El grito fue inmediato. Una explosión colectiva recorrió el lugar. Los abrazos aparecieron entre desconocidos, las banderas comenzaron a ondear con más fuerza y el sonido de los festejos logró imponerse incluso sobre la lluvia.

Pero la verdadera locura llegó con el segundo tanto.

La euforia se desbordó por completo. La cerveza salió disparada por los aires, los aficionados brincaban sin importar que el piso estuviera completamente mojado y los cánticos se escuchaban desde cualquier rincón. A diferencia de otros encuentros, esta vez el festejo fue mucho más intenso. El pase a los octavos de final estaba prácticamente asegurado y todos parecían ser conscientes de que estaban viviendo uno de esos momentos que unen a miles de personas por un mismo sentimiento.

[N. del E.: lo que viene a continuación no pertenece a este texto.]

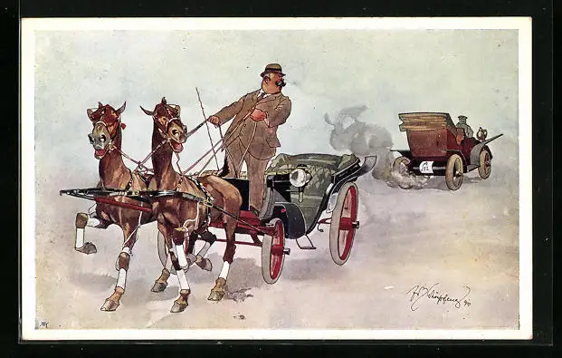 Künstler-AK Fritz Schönpflug: Herr mit Pferdegespann fährt an Auto vorbei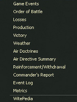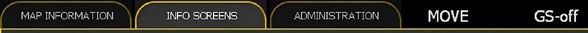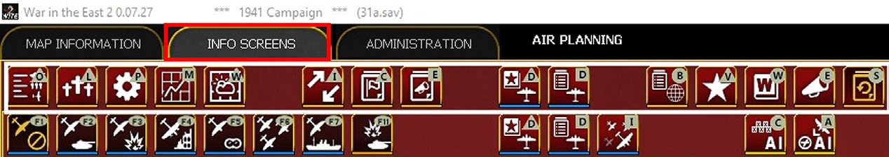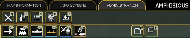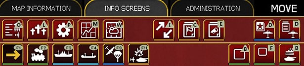 On the left hand side here are three tabs. These give access to the detailed tabs in the row below and the available set will vary depending on if ‘map information’, ‘info screens’ or ‘administration’ is selected. Some options will only appear during either the air planning or ground movement phase, others are available in both.

Cuando el árbitro señaló el final del encuentro, el marcador confirmó lo que todos esperaban. México avanzaba a la siguiente ronda y la ilusión crecía. Ahora el siguiente reto sería la Selección de Inglaterra, un rival de mayor exigencia, pero esa preocupación podía esperar. Por unos minutos solo existía espacio para celebrar.

Aunque muchos aficionados decidieron permanecer en el estadio para disfrutar del concierto programado al término del partido, otros comenzaron el camino de regreso. Sin embargo, la fiesta estaba lejos de terminar.

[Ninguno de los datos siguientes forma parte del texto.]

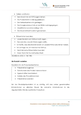 Bei der Produktpräsentation ist es wichtig, mit den vorher gesammelten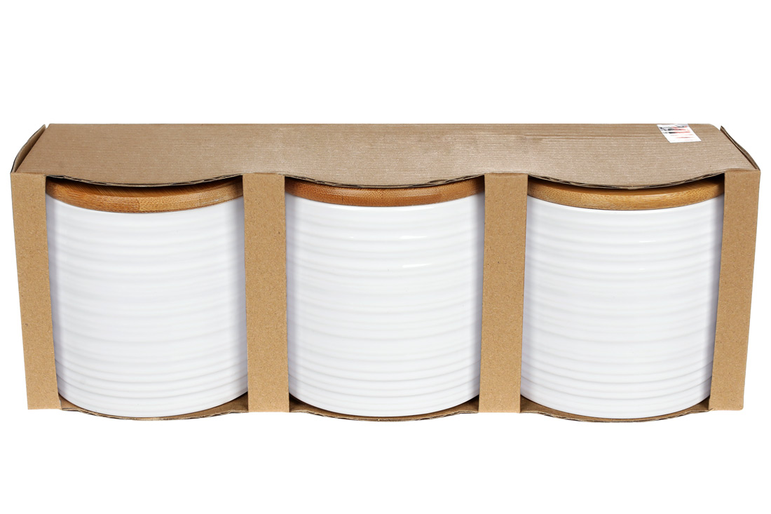 Набір (3шт) керамічних банок 430мл з бамбуковими кришками з об'ємним малюнком Лінії, колір - білий Фабричний брак

Desde la salida del estadio se respiraba un ambiente completamente distinto. Los automóviles hacían sonar sus claxons sin descanso mientras los aficionados sacaban banderas por las ventanas y gritaban «¡Arriba México!», «¡Vamos México!» y «¡Estamos en octavos!». Cada vehículo que pasaba parecía sumarse espontáneamente a un desfile improvisado.

La lluvia continuaba, ahora convertida apenas en una ligera llovizna que no lograba apagar el ánimo de nadie.

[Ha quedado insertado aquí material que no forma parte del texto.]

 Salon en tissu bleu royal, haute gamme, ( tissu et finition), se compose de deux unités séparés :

Después de abordar una ruta rumbo al centro de la ciudad, ocurrió un imprevisto. A la altura de la Alameda, el camión cayó en un hoyo y quedó completamente atorado, obligando a todos los pasajeros a bajar para continuar el trayecto caminando.

Lejos de convertirse en una molestia, el recorrido permitió descubrir que la celebración había salido del estadio para adueñarse de la ciudad.

Las calles estaban completamente llenas de personas caminando con la playera de la Selección. Familias enteras, grupos de amigos y aficionados seguían cantando mientras avanzaban rumbo al centro. Parecía mediodía por la cantidad de gente que ocupaba las banquetas.

Las camionetas pasaban con la música a todo volumen, algunos de pie mostrando orgullosamente la bandera de México, otros hacían sonar cornetas y los claxons seguían marcando el ritmo de una celebración que parecía no tener prisa por terminar.

Al llegar a la zona del Jardín Zenea y sus alrededores, la concentración de personas era todavía mayor. Todo indicaba que la fiesta apenas comenzaba.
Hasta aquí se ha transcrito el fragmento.